PenningtontheSkunk said:


> all music from Europe is god comparing to the States even Canada, nothing gets better from none other then Euro music, sorry US music is garbage



Yeah Radiohead is okay I guess also those other people.


----------



## kaskae (Sep 10, 2012)

aqxsl said:


> come on, after 7 phases you make a statement like this?



Music elitists are my favorite. Also I've come to the conclusion that based off of the majority of end phases, pop-punk is lost among the forum. This makes me sad.


----------



## Serrion (Sep 11, 2012)

I feel that compared to everyone else, my music tastes are fairly terrible but here goes.
when I was in early grade school I listened to only two CDs, one was NSYNC and the other was Backstreet boys. However, after sneaking into my brother's room when he wasn't there one day I stumbled upon Eiffel 65's Europop album. That was the only CD that I listened to for years until about six years ago when I started to listen to Green Day and Linkin Park. Once I hit high school I stopped with both of those and listened once again to Eiffel 65's Europop album. However I also started Megadeth, Three Doors Down, and Nickelback also. At the present, I currently listen to almost all country, Eiffel 65, and a lot of classical.
Up until the present, I'm not sure how I liked any of the music I used to listen to.


----------



## Heliophobic (Sep 11, 2012)

kaskae said:


> Music elitists are my favorite.



Oh good golly you are going to love me.


----------



## Cchytale Murilega (Sep 11, 2012)

*Phase I, Age 14 - 16* ~ Hip-hop. During high-school, all four years I had the same bus driver, and she had the radio on all the time for us, in the afternoons, it was a hip-hop station called Wired 96.5. I started to get attracted to its music.

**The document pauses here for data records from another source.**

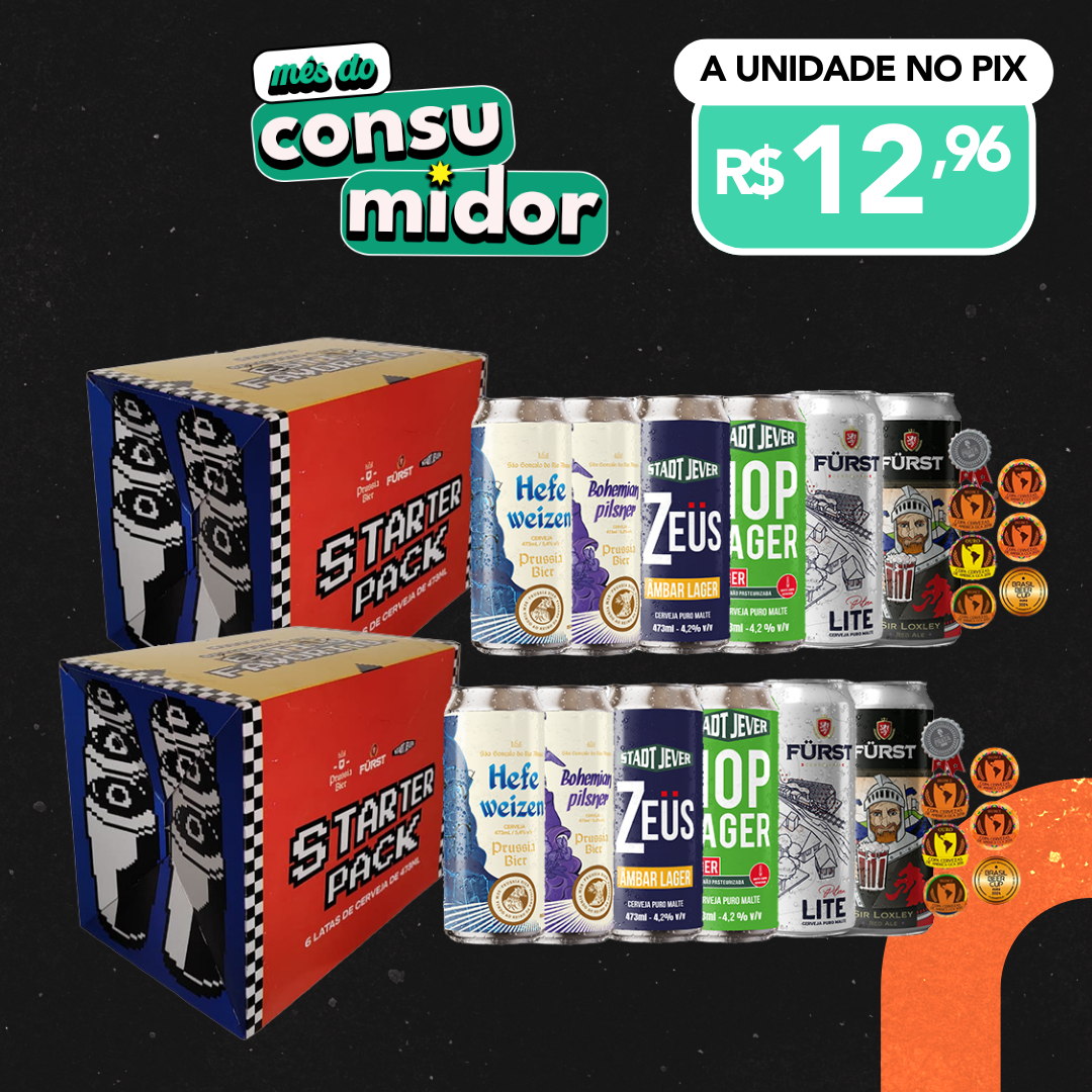 O Starter Pack é o kit ideal para quem está começando no mundo da cerveja artesanal e quer experimentar estilos clássicos sem sustos, mas com personalidade. São 12 latas (473ml) com 2x Hefeweizen, 2x Bohemian, 2x Zeus Amber Lager, 2x Jever Hop Lager, 2x Sir Loxley Red Ale e 2x Pilsen Lite, reunindo leveza, equilíbrio e toques de lúpulo e malte na medida certa. Um combo pensado para iniciantes que querem descobrir novos sabores com qualidade e consistência, explorando os principais estilos de cerveja em um único pack. Perfeito para dar os primeiros passos na cerveja artesanal — ou para presentear quem quer começar do jeito certo.
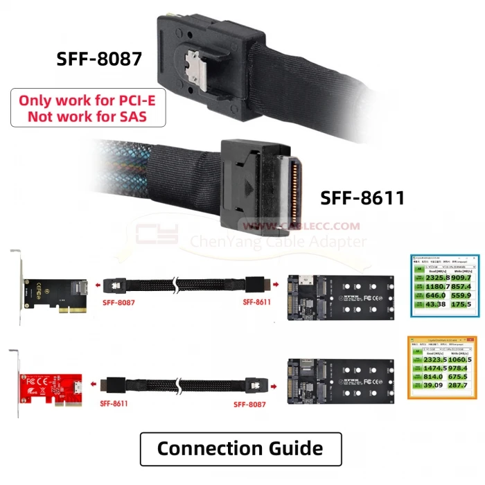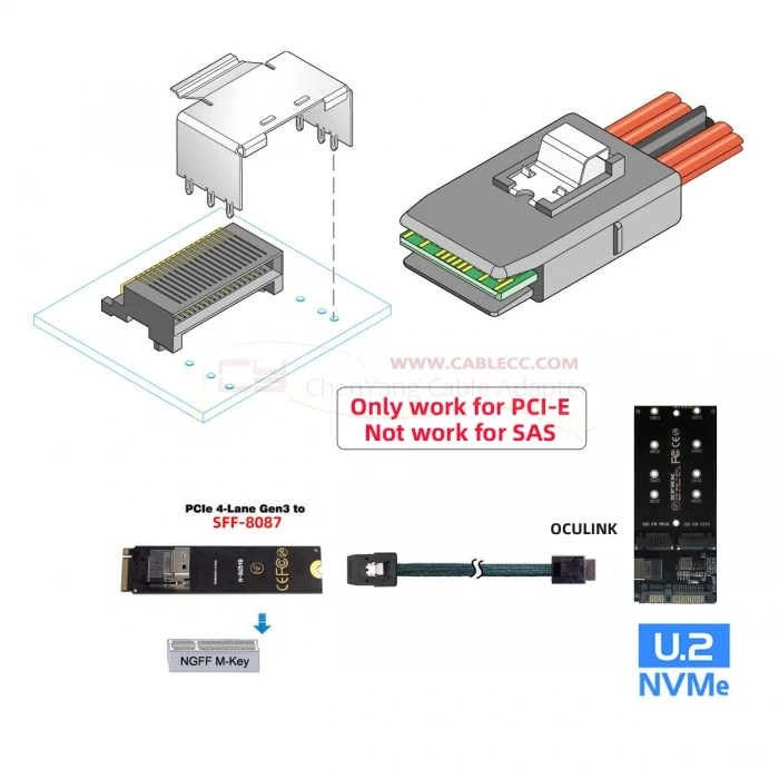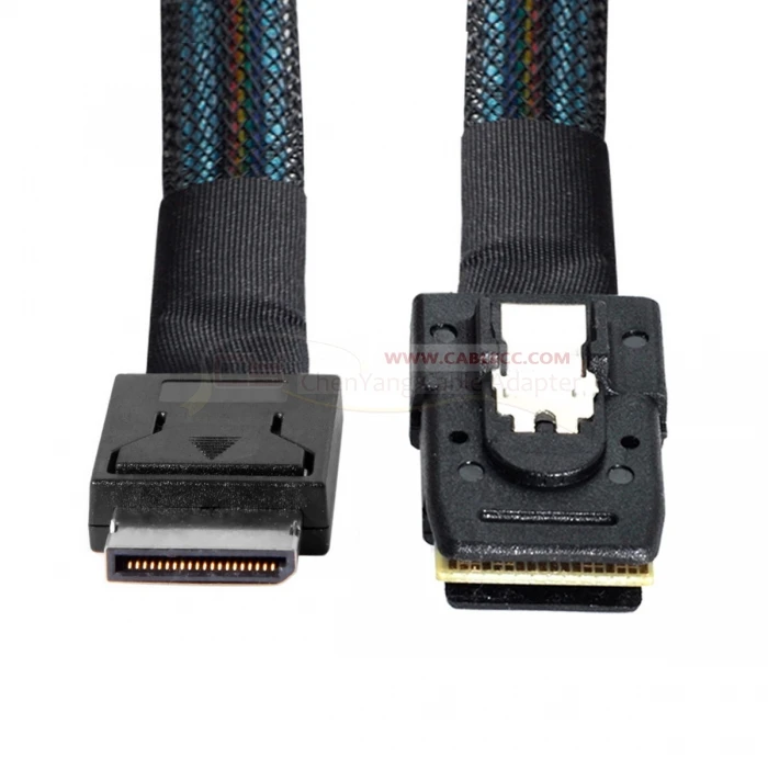 Este cable OCuLink se puede utilizar para conectar dispositivos internos, por ejemplo, un backplane con un conector PCIE a un controlador con un conector OCuLink A LA SFF-8611.
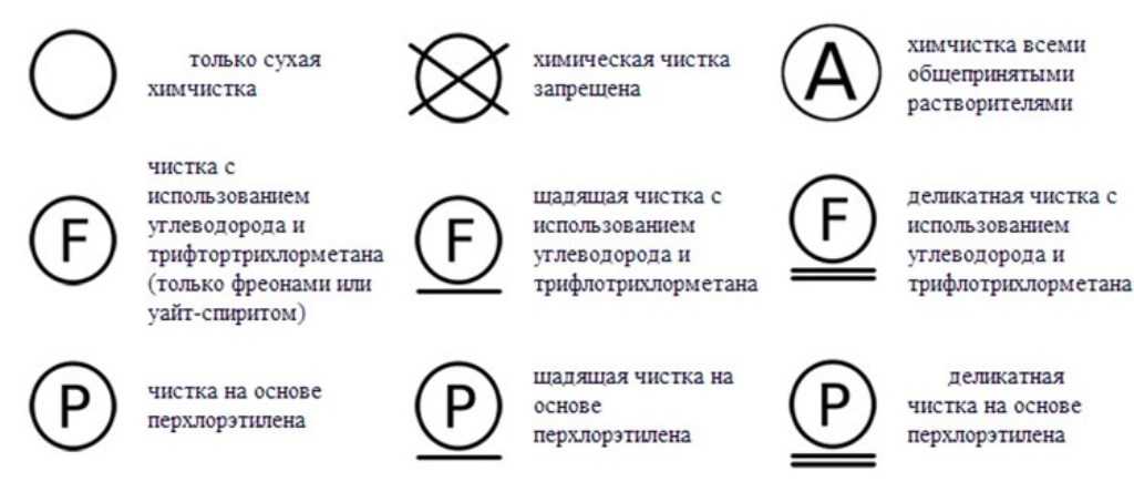 Обозначения значков химчистки.
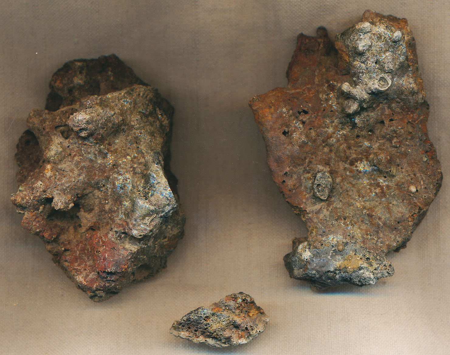 Szabálytalan alakú, üveges-hólyagosra égett nehéz szürke salakdarabok.
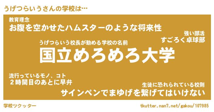 | 伝説のあだ名 | 『伝説のスナイパーうげつらいう』 |
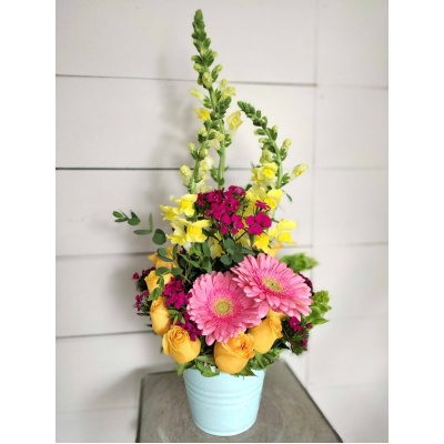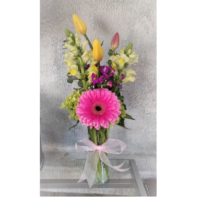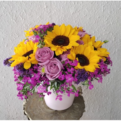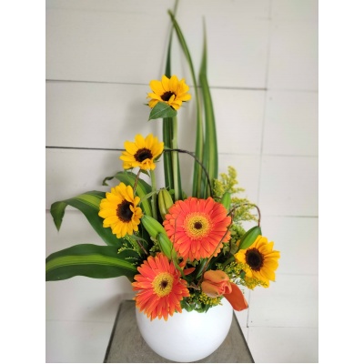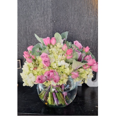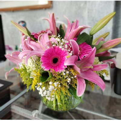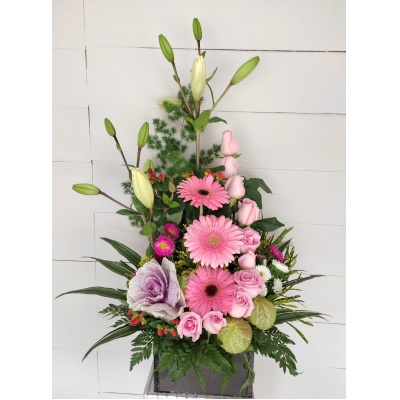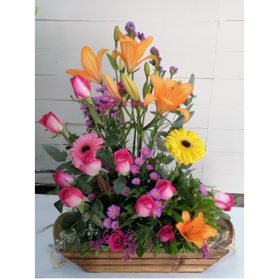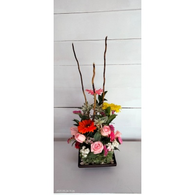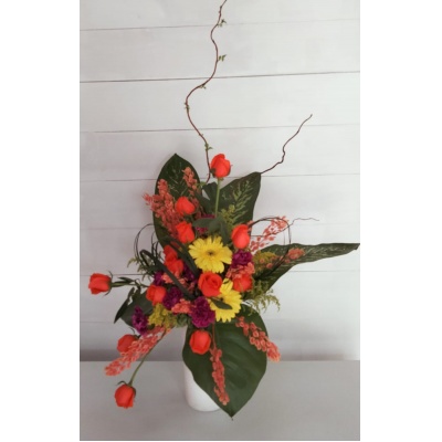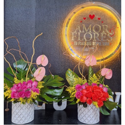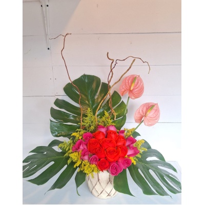 ARREGLO EXOTICO CON ANTURIOS Y ROSAS
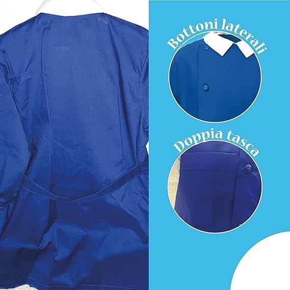 Questo grembiule per la scuola elementare è un capo di abbigliamento essenziale per il tuo piccolo. Realizzato in tessuto resistente Blu con bottoni, questo grembiule è perfetto per proteggere i vestiti dei tuoi bambini durante le attività creative e i pasti. Puoi personalizzarlo con il nome o il personaggio preferito del tuo bambino, rendendolo unico e speciale. Questo grembiule è prodotto in Italia con materiali di alta qualità, garantendo durata e comodità. Ideale per bambine dai 6 ai 15 anni, questo grembiule è facile da indossare e da togliere, incoraggiando l'indipendenza dei tuoi piccoli. Proteggi i vestiti dei tuoi bambini e lascia che si divertano senza preoccupazioni con questo grembiule adorabile e funzionale. DOPPIA TASCHE LATERALI - CHIUSURA CON BOTTONI - Colletto Bianco
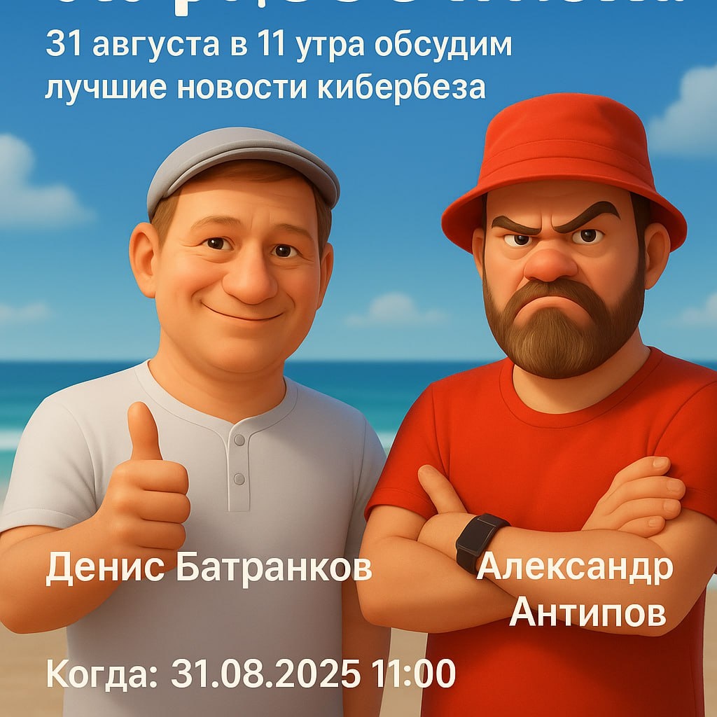 Кофе, SOC и логи. Обсуждение лучших новостей инфобеза за неделю. Внезапно сегодня 31 августа в 11 утра обсудим лучшие новости кибербеза. Денис Батранков, директор по развитию бизнеса группы компаний Гарда, автор телеграм-канала Топ Кибербезопасности, евангелист NGFW и создатель конференции "Сетевая безопасность". Александр Антипов, главный редактор SecurityLab.ru. Каналы @seclabnews. @Antipov_pipiggi. Когда: 31.08.2025 11:11 Трансляция будет здесь: stream.itradio.su
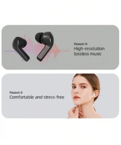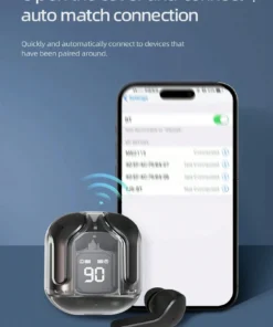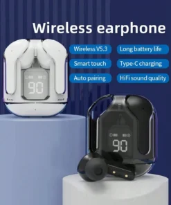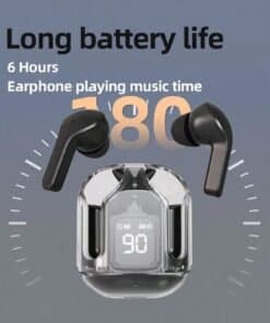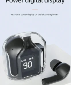 سماعة لاسلكية شفافة قليلة التأخير بشاشة تعمل باللمس للرياضة والألعاب والعمل في المكتب، بها شاشة رقمية، تحكم في الصوت والصوت، وميكروفون ومنفذ شحن Type C
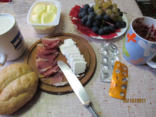 Danes: ajdov kruh, peöena jajčka in kapučino.
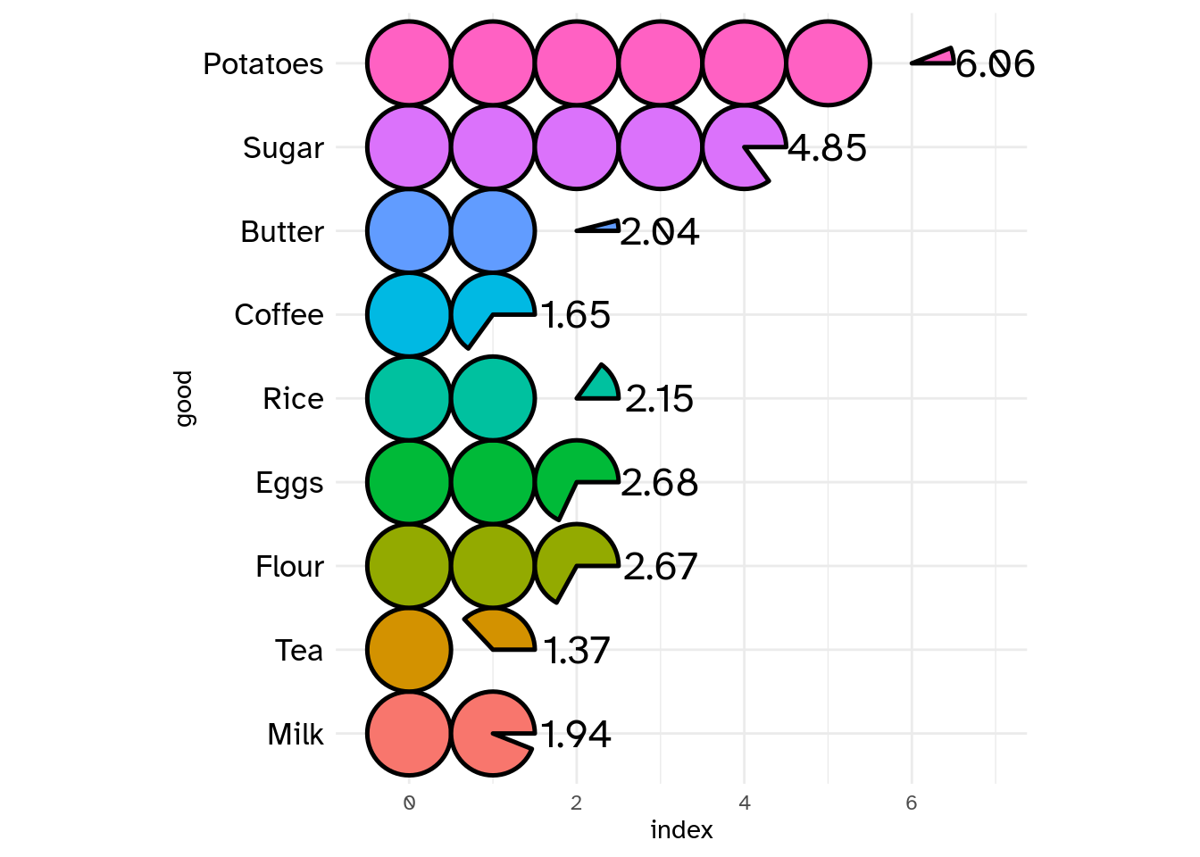prod_df good = c("Potatoes", "Sugar", "Butter", "Coffee", "Rice", "Eggs", "Flour", "Tea", "Milk"),
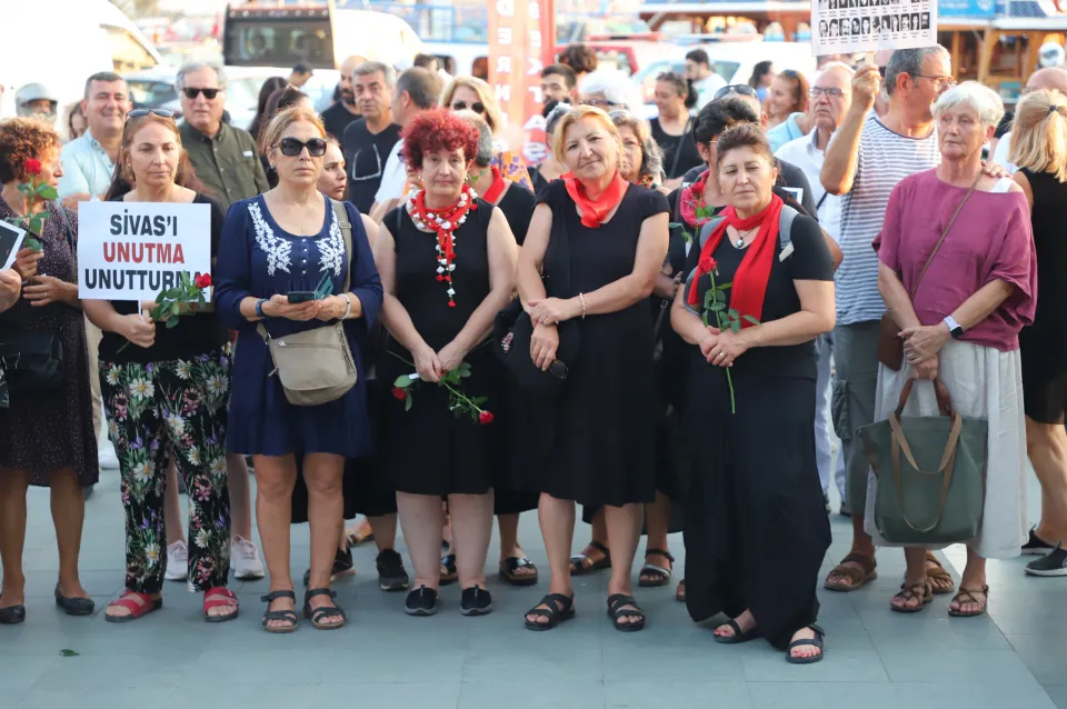 Bodrum Belediye meydanında yapılan anma etkinliğine CHP İlçe Başkanı Halil Karahan, CHP’li belediye meclis üyeleri, sivil toplum örgütleri, dernek yöneticileri, yazarlar ve edebiyatçılar katılırken ellerinde” Sivas’ın Işığı Sönmeyecek, Yakanları Affetmiyoruz Ak’layanlarıda Affetmiyoruz, Sivas İnsanlık Suçudur, Zalime ve Zulme Karşıyız” yazılı dövizler basın açıklaması sırasında sık sık Sivas’ın Hesabı Sorulacak, Sivas’ı Unutma Unutturma ve Faşizme Karşı Omuz Omuza sloganları attı.
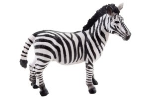 Plastová zebra o velikosti cca 10 x 9 x 4 cm.
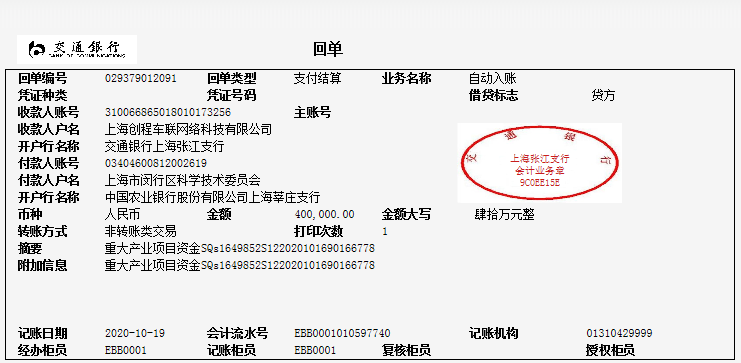 2020年8月,根據(jù)《閔行區(qū)關于推進科技創(chuàng)新創(chuàng)業(yè)和成果轉(zhuǎn)化的政策意見》(閔府規(guī)發(fā)〔2019〕1號)及操作細則,上海創(chuàng)程“基于5G技術的智能網(wǎng)聯(lián)公交系統(tǒng)”項目立項獲得成功,10月份,我司該項目已通過上海市閔行區(qū)科學技術委員會的驗收,并獲得50%項目經(jīng)費,共40萬元,另一半項目經(jīng)費預計明年撥付。

*Phase II, Age 14 -16* ~ Nu-metal and alternative rock/metal. Such as Disturbed, Three Days Grace and Linkin Park being some of my major favorites.

*Phase III, Age 14 -16* ~ Metalcore, deathcore and the like. Merging with Phase II.

*Phase IV, Age 14 -16* ~ Electronic, mostly just trance and hardcore techno.

*Phase V, Age 16* ~ Death metal - mostly mainstream and melodic death metal - while still retaining Phases II, III and IV significantly.

*Phase VI, Age 16* ~ Black metal, after hearing Dimmu Borgir as my first taste of it. Still Retaining Phases II, III and IV.

*Phase VII, Age 17 - Present *~ More into black metal, still liking electronic, but not nearly as much as before. Also still retaining Phase IV.

*Phase VIII, Age 18 - Present *~ Depressive black metal and descending more into the lesser-known areas of black metal and other sub-genres.

*Current Phase: Phase VIIII, Age 19 - 20/Present *~ Completely indulged in mostly non-mainstream metal. Gained interest in funeral doom metal and regaining some of Phase II, III and IV back again.


----------



## Judge Spear (Sep 11, 2012)

Saliva said:


> People like this actually exist.



Why not?


----------



## PenningtontheSkunk (Sep 11, 2012)

Saliva said:


> Yeah Radiohead is okay I guess also those other people.


I've never listen to Radiohead but I've heard plenty about them.



aqxsl said:


> come on, after 7 phases you make a statement like this?


Yes, why?


----------



## PenningtontheSkunk (Sep 11, 2012)

Conker said:


> My biggest problem is that he made a Chuck Norris joke in the sentence before.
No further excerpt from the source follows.